The new charges, unveiled Tuesday in Massachusetts federal court, are being added to the charges Ernst had already faced. They represent an escalation of the government’s case against him not just in the total number of charges, but also in the new details of the accusations, which bring Ernst’s personal and family life to the forefront.

Ernst was first accused in March of 2019 of accepting $2.7 million in bribes to get rich kids into Georgetown through his tennis program there.

Not only did Ernst accept bribes arranged by the scheme’s ringleader, Rick Singer, he also solicited bribes of his own, without Singer’s help, prosecutors allege in three new charges.

They also accused him of not declaring the bribes on his taxes, filing false tax returns for the years 2015, 2017 and 2018.

Dozens have been charged in the college admissions scam, including rich and famous parents, college coaches and administrators on the take, and a California-based “consultant” named Rick Singer.

Many have already pleaded guilty, including Singer and the actresses Lori Loughlin and Felicity Huffman, but Ernst has maintained his innocence.

According to accusations in the superseding indictment — a list of allegations filed in court — one of the bribes Ernst solicited had its roots in a Brown University reunion.
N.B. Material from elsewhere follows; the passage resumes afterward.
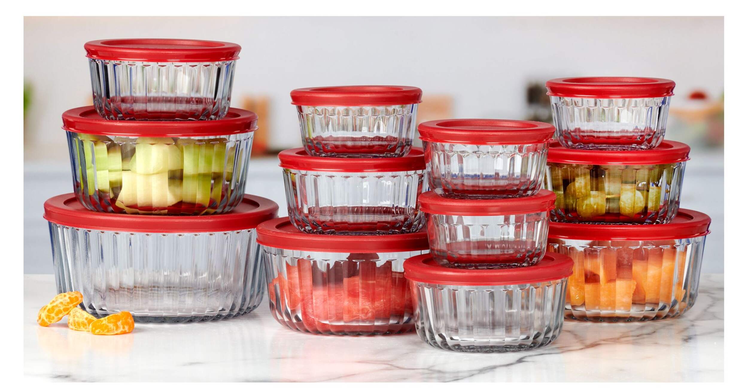 INCLUDES: (4) 1-cup, (4) 2-cup, (3) 4-cup, (1) 7-cup round glass food storage containers with red SnugFit lids
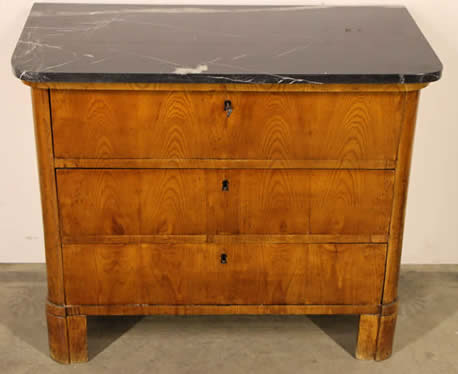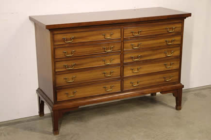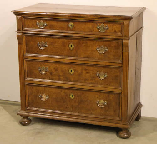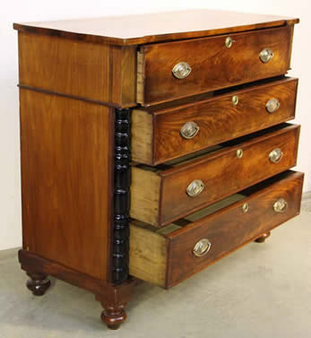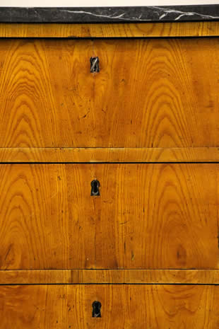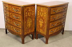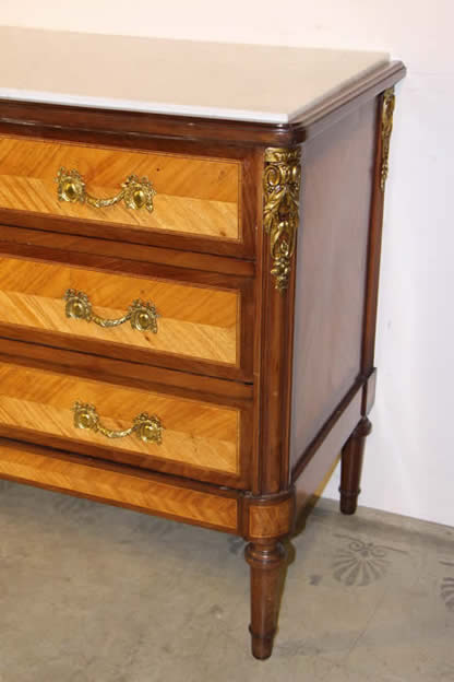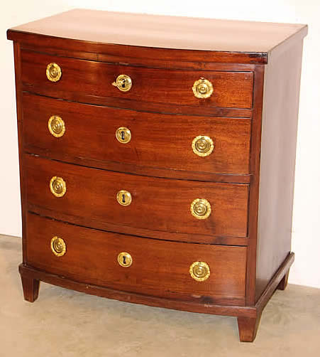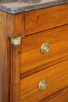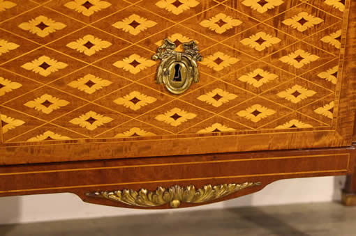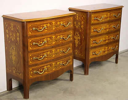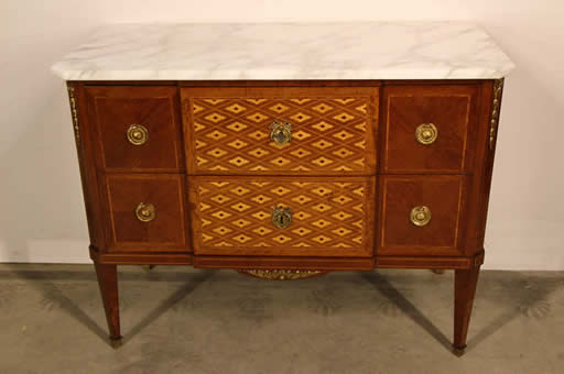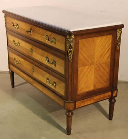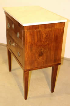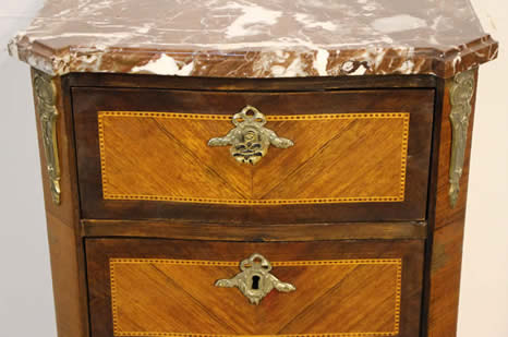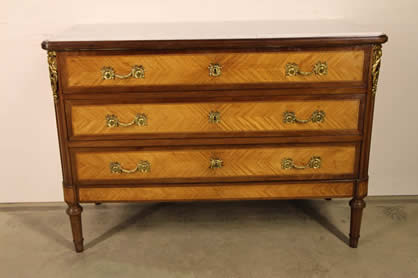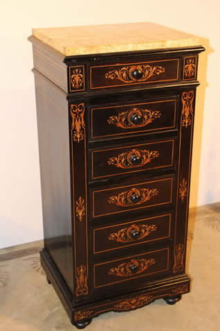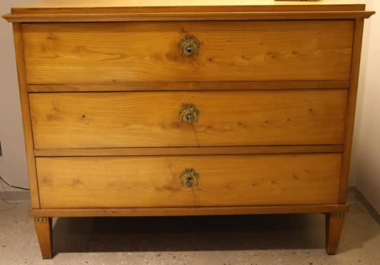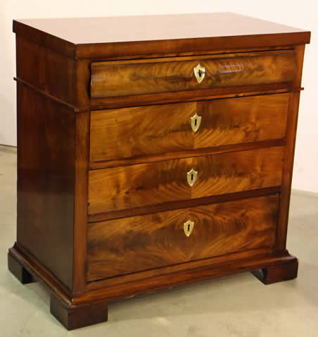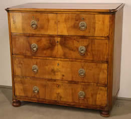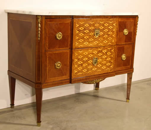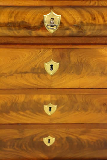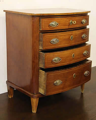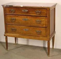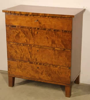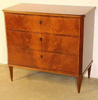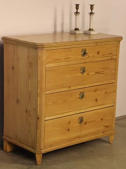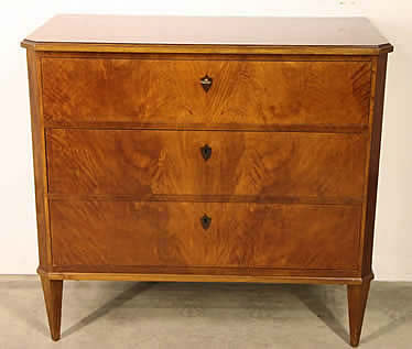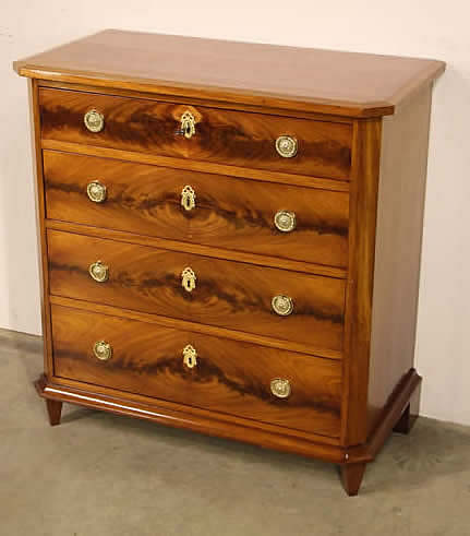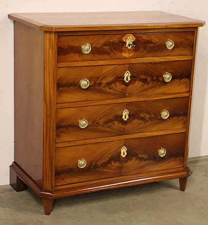 This classic chest with four drawers with canted corners and tapering legs all with precision brass inlay and mounts most likely from the Eskiltuna workshops.

In 2014, Ernst attended a Brown reunion in Providence with the father of a Georgetown applicant and a tennis recruiter, the indictment says. The father was Amin Khoury prosecutors said in a separate indictment charging Khoury, whose lawyer said he maintains his innocence.

Khoury, 54, played tennis with Ernst at Brown University.

Ernst, prosecutors say, agreed to pay the tennis recruiter $10,000 to act as a “middleman” in a bribe to designate Khoury’s daughter as a tennis recruit, prosecutors say. That helped her chances of getting into Georgetown, even though she wasn’t a highly ranked tennis player and wouldn’t have otherwise been recruited, prosecutors say.

Ernst coached Khoury to have his daughter tell Georgetown she wanted to play tennis at the university, prosecutors say. After she got in, Khoury withdrew $200,000 from a bank in Florida, flew to Massachusetts and met with the tennis recruiter, giving him the cash — $180,000 for Ernst and $20,000 for himself, prosecutors say.

The tennis recruiter then went to Falmouth, Massachusetts, and gave Ernst’s spouse $170,000, keeping $10,000 for himself as part of the deal Gordie Ernst and the recruiter had arranged, prosecutors say.

For months after that, the tennis recruiter repeatedly asked Khoury about the rest of the money that he owed Ernst, prosecutors said.

Ernst himself also texted Khoury, prosecutors say, shedding light on his own personal circumstances.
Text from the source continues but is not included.